Specifies key names and value types in the JSON file (e.g. {key1: 'INTEGER', key2: 'VARCHAR'}). If auto_detect is enabled the value of this setting will be inferred from the JSON file contents.

compression
default: "auto_detect"

The compression type for the file. By default this will be detected automatically from the file extension (e.g., t.json.gz will use gzip, t.json will use none). Options are uncompressed, gzip, zstd, and auto_detect.

convert_strings_to_integers
default: "false"

Whether strings representing integer values should be converted to a numerical type.

dateformat
default: "iso"

Specifies the date format to use when parsing dates. See Date Format

filename
default: "false"

Whether or not an extra filename column should be included in the result.

format
default: "array"

Can be one of auto, unstructured, newline_delimited and array

hive_partitioning
default: "false"

Whether or not to interpret the path as a Hive partitioned path.

ignore_errors
default: "false"

Whether to ignore parse errors (only possible when format is newline_delimited)

maximum_depth
default: "-1"

Maximum nesting depth to which the automatic schema detection detects types. Set to -1 to fully detect nested JSON types.

maximum_object_size
default: "16777216"

The maximum size of a JSON object (in bytes).

records
default: "true"

Determines whether the fields of JSON object will be unpacked into individual columns. Can be one of auto, true or false

Suppose we have a JSON file with these contents:

{"key1":"value1", "key2": "value1"}
{"key1":"value2", "key2": "value2"}
{"key1":"value3", "key2": "value3"}

Reading it with records set to true will result in these table contents:

  key1  | key2
-----------------+
 value1 | value1
 value2 | value2
 value3 | value3

Reading it with records set to false will result in these table contents:

              json
---------------------------------+
 {'key1': value1, 'key2': value1}
 {'key1': value2, 'key2': value2}
 {'key1': value3, 'key2': value3}

If set to auto DuckDB will try to determine the desired behaviour.
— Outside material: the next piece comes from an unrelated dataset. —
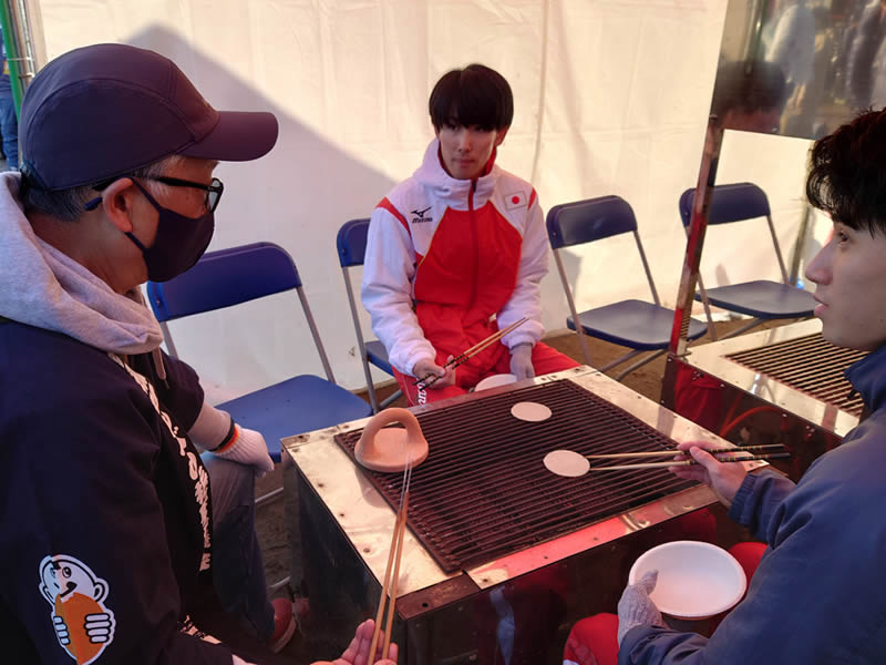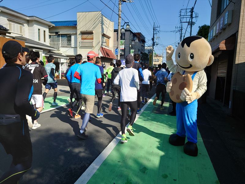 レース前には大型ビジョンにおいて草加市と草加せんべいの紹介動画を公開していただき、市外や県外の方々にも草加せんべいを知っていただく良い機会となりました。

See DuckDB documentation for more details.

sample_size
default: "20480"

Option to define number of sample objects for automatic JSON type detection. Set to -1 to scan the entire input file

timestampformat
default: "iso"

Specifies the date format to use when parsing timestamps. See Date Format

union_by_name
default: "false"

Whether the schema’s of multiple JSON files should be unified.

Multiple JSON Files

To treat multiple JSON files as a single table, their paths should be passed in as a comma-separated string.

CREATE FOREIGN TABLE json_table ()
SERVER json_server
OPTIONS (
    files '/path/to/file1.json, /path/to/file2.json'
);

To treat a directory of JSON files as a single table, the glob pattern should be used.

CREATE FOREIGN TABLE json_table ()
SERVER json_server
OPTIONS (
    files '/folder/*.json',
);

The glob pattern can also be used to read all JSON files from multiple directories.

CREATE FOREIGN TABLE json_table ()
SERVER json_server
OPTIONS (
    files '/folder1/*.json, /folder2/*.json'
);

Cloud Object Stores

The object stores documentation explains how to provide secrets and other credentials for JSON files stored in object stores like S3.